Owain turned. His eyes would not focus properly. A dim and lowering sky, full of clouds, hung over the heights of the Gap. Rain spattered down, and he wiped it from his eyes. His hand came away bloody. They were a distance away now, halfway down the valley that lay between the Gap and the meadowed slopes before the walls of Hearne. Black specks swarmed along the rocky heights in the distance. Owain fumbled in the pocket of his coat for the farseer and brought it to his eye. His vision swam and then cleared into one round window brought close. Men fighting on the top of the Gap. His men. Fighting at the last fortification at the top of the heights. A dark-armored wave crashing against the paltry steel of their swords and spears. The flag of Hearne snapping in the wind. The tiny black shapes of crows circled overhead, diving and falling. And there, there at the center of the fortifications, a tall, burly figure with axe in hand, white hair stained with blood.

“Bordeall stayed,” said Owain.

“Aye, my lord,” said Arodilac wretchedly. “He bade me take you away. Said he’d take my head off right there if I didn’t turn and ride. No need for more of us dying, he said.”

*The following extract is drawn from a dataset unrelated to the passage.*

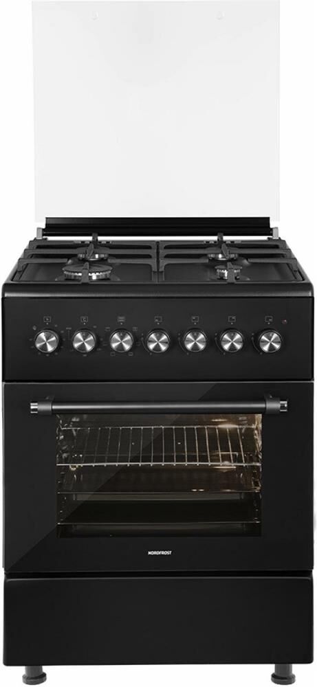 NORDFROST Газовая плита GE6064B, электрическая духовка, стеклянная крышка, чугун, черный

Owain looked again, screwing the farseer against his eye as if the sudden sight might bring him right to where it was. But there was no more white-haired figure swinging his axe. The dark wave broke over the fortifications, surging and raging, and then it swept past. A horseman crested the highest rise on the heights, moving slowly and without haste. A stray bit of sunlight angling down through a momentary rent in the clouds fell on the black helm. The eye-slit in the helm seemed to be staring straight at Owain over the distance. He jammed the farseer back into his pocket, his hand trembling.

“We were supposed to hold out longer,” he said to no one in particular. “At least for a day. Even two.” He cleared his throat, tasting blood in his mouth. “And Harlech?” he said, his voice harsh.

“They stayed as well, my lord,” said one of the horsemen nearby.

“Back to Hearne, and quickly.”

But Owain could not mount a horse on his own. His hands would not grasp the reins and there was no strength in his legs. Arodilac heaved him up onto his charger and then they were off in a drumming of hooves.

They came to Hearne in the late afternoon, with the horses weary under them, and the rain wavering into snow and then back to rain all through the day. It was a wet, cold, miserable ride and the walls of the city were a welcome sight. The road was slick with mud and crowded with refugees. Oxcarts and handcarts, horse-drawn wagons and wheelbarrows, people hurrying along with their lives on their back. There were herds of sheep and cattle here and there as well, lowing and baa-ing their confusion as they were chivvied along. It was a grinding welter of misery, and no one walked that muddy road but they did not look back anxiously every few minutes. With the rain and the gloom, however, there was nothing to be seen other than the phantoms of their own imaginations.

“The livestock,” said Owain, waking somewhat from the near slumber he had fallen into.

“My lord?” said Arodilac.

“Confiscate their livestock and get it into the city. We’ll need it for food.”

The tower of the gate loomed over them. Flags flapped wetly in the rain. Torches flared within the gate and the horsemen rode under the arch. The clip-clop of hooves echoed back from the stone walls. Spear butts slammed down onto the ground as the soldiers at the gate came to attention. Owain swung down from the horse and walked across the foregate to the tower. He staggered once, but caught himself and continued on, staring in front of him and not seeing the ranks of soldiers drawn up in rigid attention. He did not see the men of Thule, Hull, and Vo. He did not see the practice ground crowded with canvas tents. His head ached. Someone took his arm, saying something, but he pushed them away. He somehow made it up the stone steps.

Owain closed the door of his study behind him and sat down behind the old oak desk. His father’s desk. Rain streaked the window with gray and twilight. He tried to remember why he was there. The door opened. Someone stood at the sill. Lucan. That’s who it was. Lucan, the young lieutenant. Promising lad. Must learn how to deal with subordinates, though. Doesn’t understand yet what authority truly means.